Since 2016, the ICARDA scientists involved in the Middle Badia rangeland rehabilitation project have followed that approach to bring an ailing ecosystem back to equilibrium using micro-water harvesting and out-planting native plant species. A Vallerani tractor-pulled plow dug intermittent half-meter-deep, semi-circular furrows in the soil on the contours of the experimental site.

 

Map of the Badia area currently being restored
Map of ICARDA's experimental rangeland restoration site in the Middle Badia of Jordan. The treated area (in green) covers 30 hectares - of which 10 ha are planted. The nearby yellow area is the untreated, or 'control' site and covers 15 ha.

Later, the scientists planted two seedlings of native Badia plants (either Atriplex halimus, Ratam, or Salsola) in each pit. The furrows have the capacity to store up to 200 liters of storm runoff, which can simultaneously dissipate the erosive energy of flowing water, support the plants’ growth, and percolate deep into the soil.  

"For the first two seasons, grazing was forbidden so native shrubs could grow," explained Haddad. Botanical experts at Jordan's National Agricultural Research Center and older members of the local community - who were consulted to identify appropriate shrubs - settled on species tolerant to salt and drought that have historically thrived in the Badia.

Once mature, these plants constitute nutritious forage, stabilize the soil, make space for other species to grow, and limit excessive erosion and sedimentation accumulation. 

Scientist Mira Haddad poses amid native shrubs of reintroduced Artiplex halimus and other wild grasses on the rehabilitated rangeland site (Middle Badia, Jordan)
Scientist Mira Haddad poses amid native shrubs of reintroduced Artiplex halimus and other wild grasses on the rehabilitated rangeland site (Middle Badia, Jordan)

In their paper recently published in International Soil and Water Conservation Research, lead author Mira Haddad and co-authors detail the results of ICARDA's rangeland intervention in Jordan. "It is extraordinary. In six years, the area's original vegetation cover has re-established itself, birds and insects have returned, and pollination has been reactivated," explains Haddad. 

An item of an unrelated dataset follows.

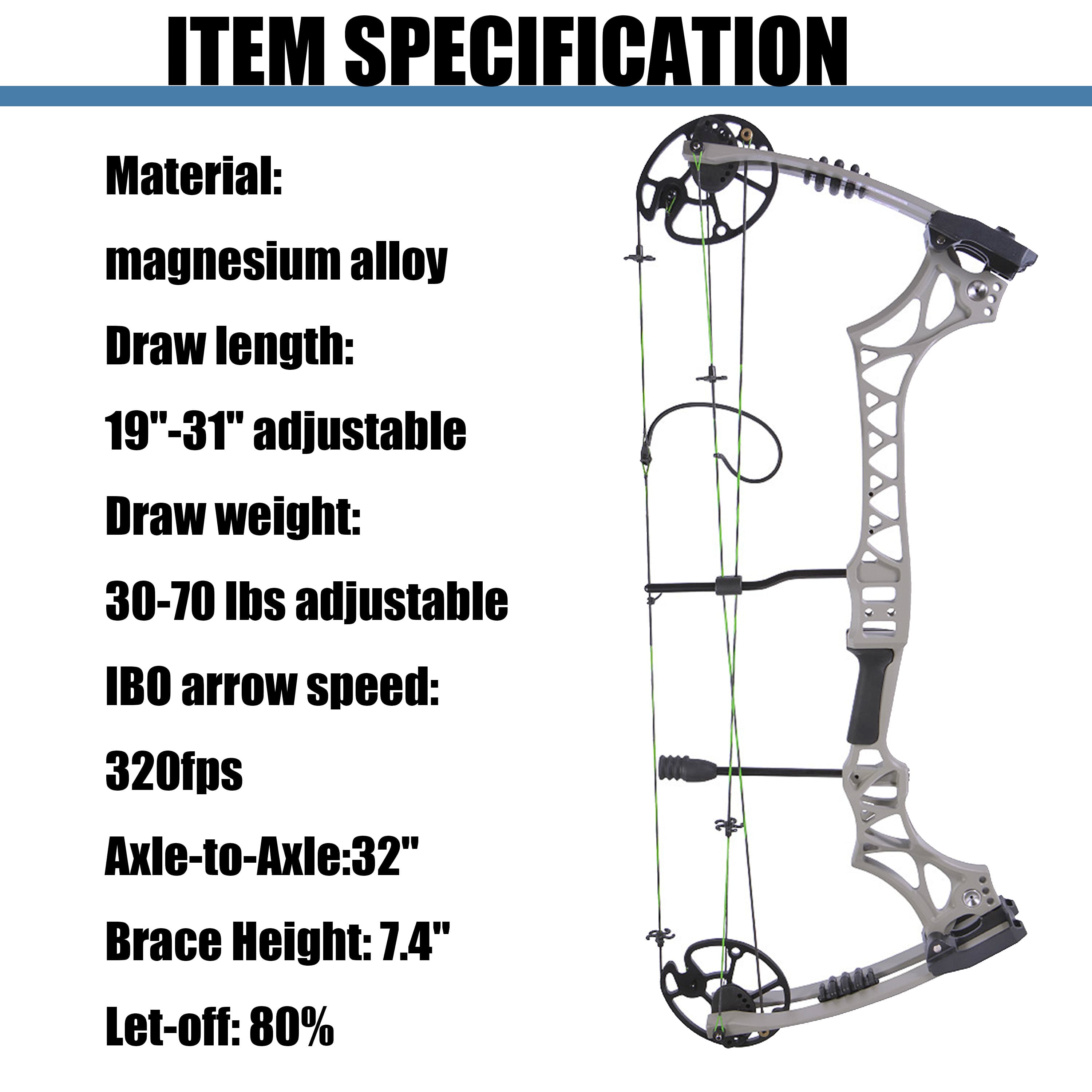 - Draw Weight: 30-70 lbs, adjustable

The study optimistically demonstrates that with sufficient time and adequate land management, even a deeply degraded ecosystem like the Badia can return to its former fertile state. To further validate the approach's effectiveness, scientists used the publicly available Rangeland Hydrological and Erosion Model (RHEM) and ran scenarios of water runoffs and erosion rate estimates.

Areas with meager vegetation cover were shown to produce far more runoffs, meaning more erosion potential than the newly restored area.  "And not just by a little," explained Haddad. "We estimate that degraded rangeland areas lose three times more soil than the baseline and restored areas." 

On the experimental site, which covers an entire sub-watershed of the Badia, the scientists placed a sensor camera in front of two low dams built across two wadis (gullies) to regulate the water flow. One of the dams, or "weirs," is in the treated area of ICARDA's restoration site, while the other is in the nearby - untreated (or 'control') area. 

Camera capture comparing water flow intensity after a storm between the treated site (left) and the untreated site (right).
Camera capture comparing water flow intensity after a storm between the treated site (right) and the untreated site (left.)

At precisely 6.34 am on February 28, 2018, the cameras captured the wadi water flow after a rainstorm in the two locations – which are less than a hundred meters apart. Video from the treated site (right) shows that water flow is low and contained. At the untreated site, muddy water is seen furiously cascading down the weir. 

"If we could implement this approach in multiple other locations across the Badia, the overall reduction in soil erosion would be huge and significantly improve downstream conditions for dams and farmers," said Mira Haddad. Bedouin herders would have more forage for their animals, other plants would reappear, and the soil would be richer, and more stable. 

"This once barren site is now teeming with life," Dr.Haddad concluded. "What we have been able to accomplish in just six years gives me hope for the region."